The flow of ordinary civilian supplies also presents a risk. The reserve purchasing power of US households is vast; if they decide suddenly to stockpile dried and canned foods, paper towels, batteries, aspirin, and other basics, these mundane items could run short. And if factories and distribution chains are closed down, the problem can cascade as each shortage spurs a new wave of panic. At the very least, prices will rise and low-income households might be shut out.


All these problems are aggravated by widespread lack of trust in the US authorities and in the commercial media. To solve this, the government must empower the Centers for Disease Control and the Federal Emergency Management Agency to tell Americans precisely what is happening and to give clear, credible instructions. Direct, regular mass communication from competent scientific professionals, rather than from politicians and the media, can help to maintain calm, promote low-risk behavior, and avoid panics.


Furthermore, the Centers for Medicare & Medicaid Services should be authorized to cover the full costs of testing and treating COVID-19 cases, with no exceptions and no legal risks. Making tests and treatment “affordable” is not enough; the disease cannot be isolated by economic class. In a pandemic there is no acceptable alternative to making care universal and free of cost. 


To finance the necessary facilities, Congress should establish a Health Finance Corporation on the model of the Depression-era Reconstruction Finance Corporation. Like the RFC, which built munitions factories and hospitals during and after World War II, the HFC should have broad powers to create public corporations, lend to private companies (to fund necessary production), and cover other emergency costs. Even more quickly, the National Guard can be deployed to deal with critical supply issues and to establish emergency facilities such as field hospitals and quarantine centers.

The Federal Reserve can buy up debt issued by hospitals and other health-care providers, as well as working to stabilize credit markets, as it did in 2008-09. 


Finally, the US government should have stand-by authority to allocate essential medical supplies, in order to ensure that the whole population has access to basic protective equipment and medications, based on need and regardless of income. Most of these items are simple and inexpensive, so supply problems may be short-lived. But if they are not tackled quickly, the government has the power under the Defense Production Act of 1950 to give orders the private sector, and prices should be controlled to prevent profiteering.


Compared to a world war, COVID-19 is a relatively small problem that should be manageable. But controlling a pandemic nevertheless requires mobilization: a comprehensive approach spanning resources, services, finance, and information. The public needs to feel the urgent necessity of radical behavioral changes, the disruption of daily routines, and firm measures to prevent destructive speculation by those looking to make a quick buck.


Again, the attack on Pearl Harbor offers a useful precedent. Within two days, the US had declared war and started shifting to a war footing. As the Japanese advanced on Malaya, the US issued a nationwide ban on the sale of rubber tires to quell panic purchases and protect essential users, as well as a 35-mile-per-hour speed limit to save rubber and motor fuel.

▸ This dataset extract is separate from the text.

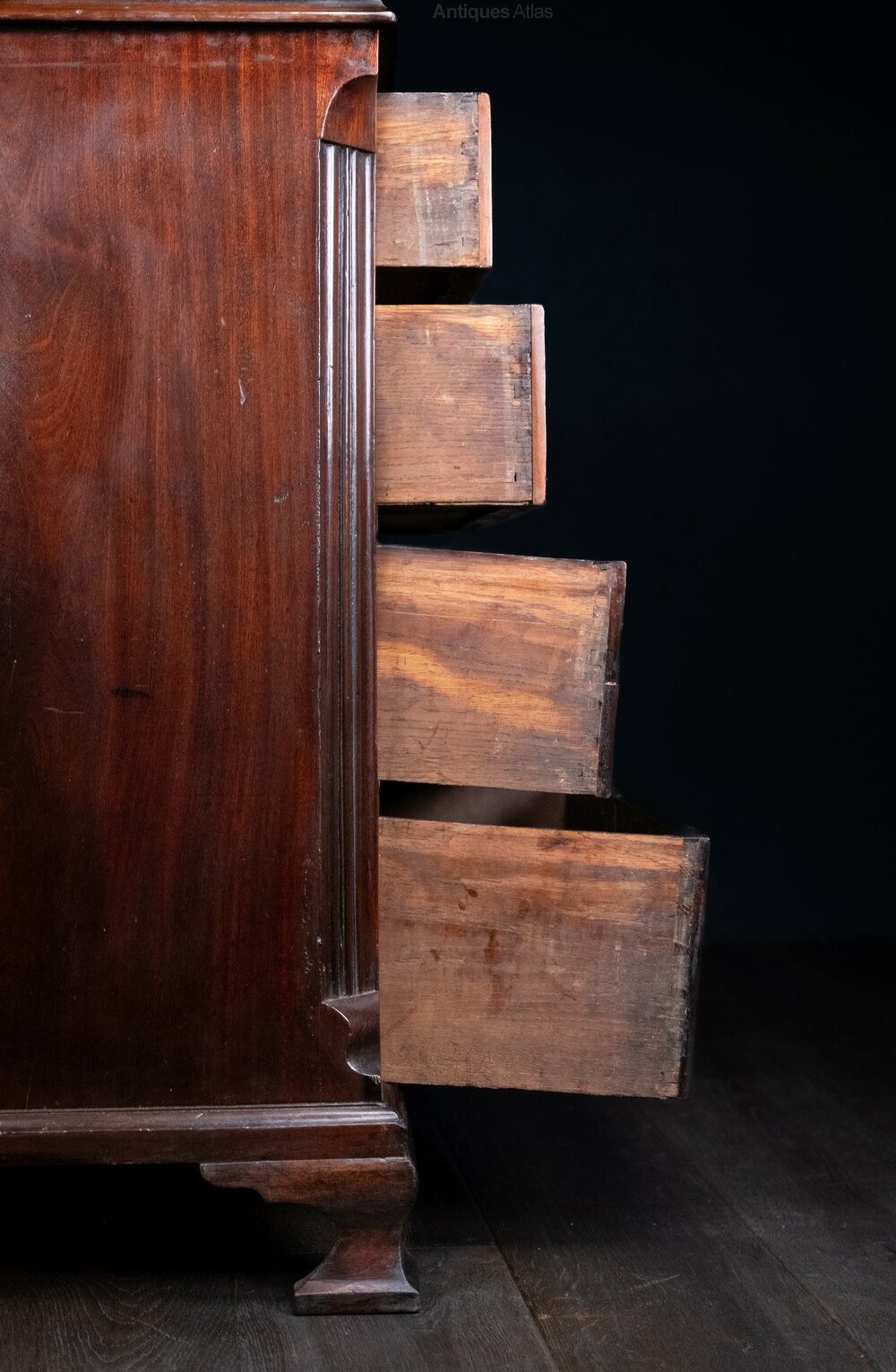 The brasses are historic but appropriate replacements. All drawers open and close with ease. There are some small areas of wear commensurate with age but generally the piece displays extremely well and looks outstanding in situ.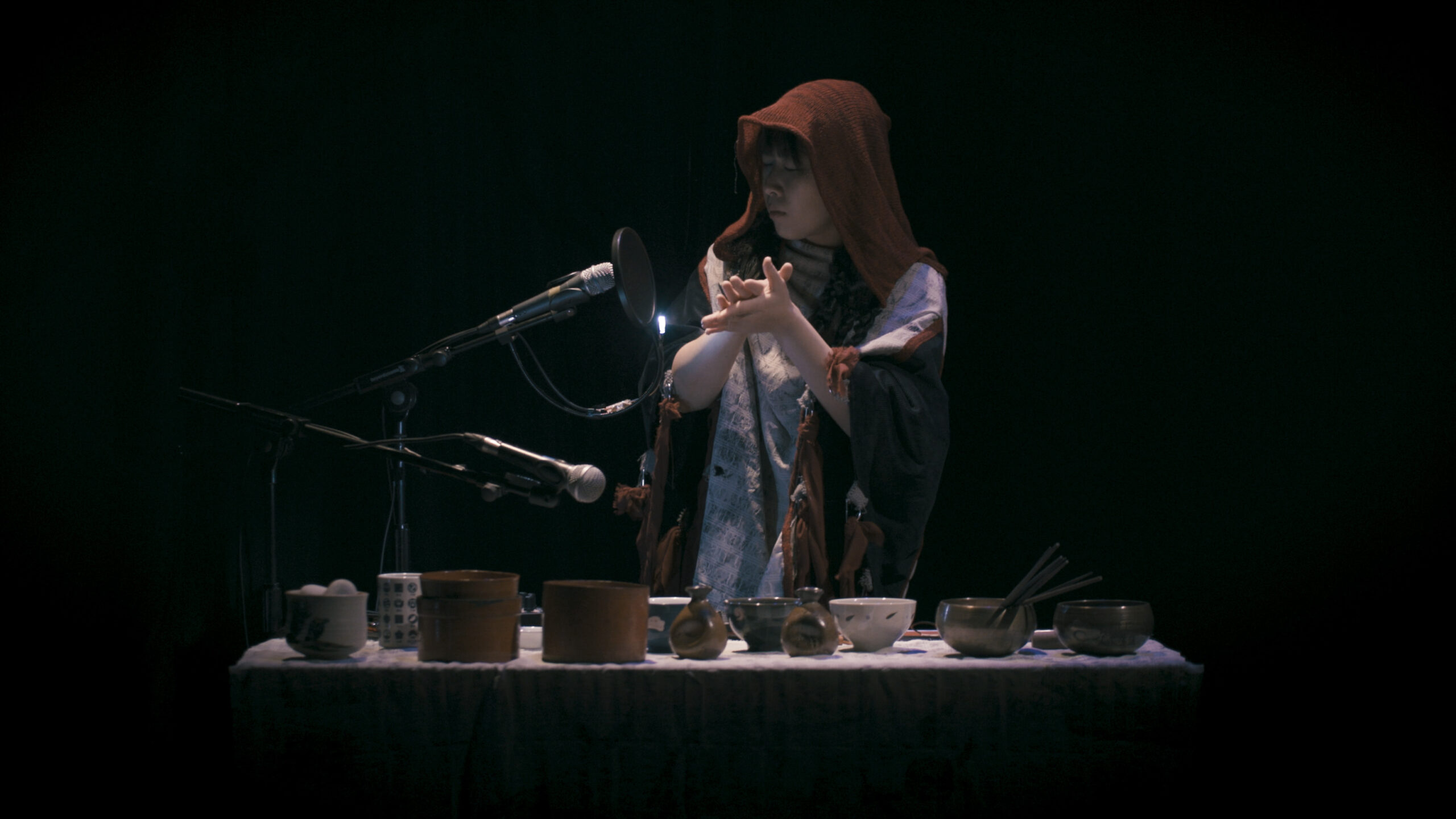 We enter to find the stage already half-consecrated: white cloth, stone, bowls, incense. Front-of-house staff hand out a single sheet outlining the East and Southeast Asian death rituals that shape the work; an invitation, a first offering. Departure, created and performed by movement artist Masumi Saito with composer and musician An-Ting, is not a story so much as a ceremony. With no spoken text, it asks us to sit inside fifty minutes of ritual action and listen with our whole bodies.

These orders were swift, decisive, and generally accepted. They showed that the American public can rally around a common purpose when necessary.  


With the COVID-19 epidemic bearing down, Americans should now remember our own history. We have confronted larger crises before. The same institutions, practices, and sense of public spirit that served our parents and grandparents can serve us, too. But there is not a moment to lose.

James K. Galbraith, a former Executive Director of the Joint Economic Committee, is Professor of Government and Chair in Government/Business Relations at the Lyndon B. Johnson School of Public Affairs at the University of Texas at Austin.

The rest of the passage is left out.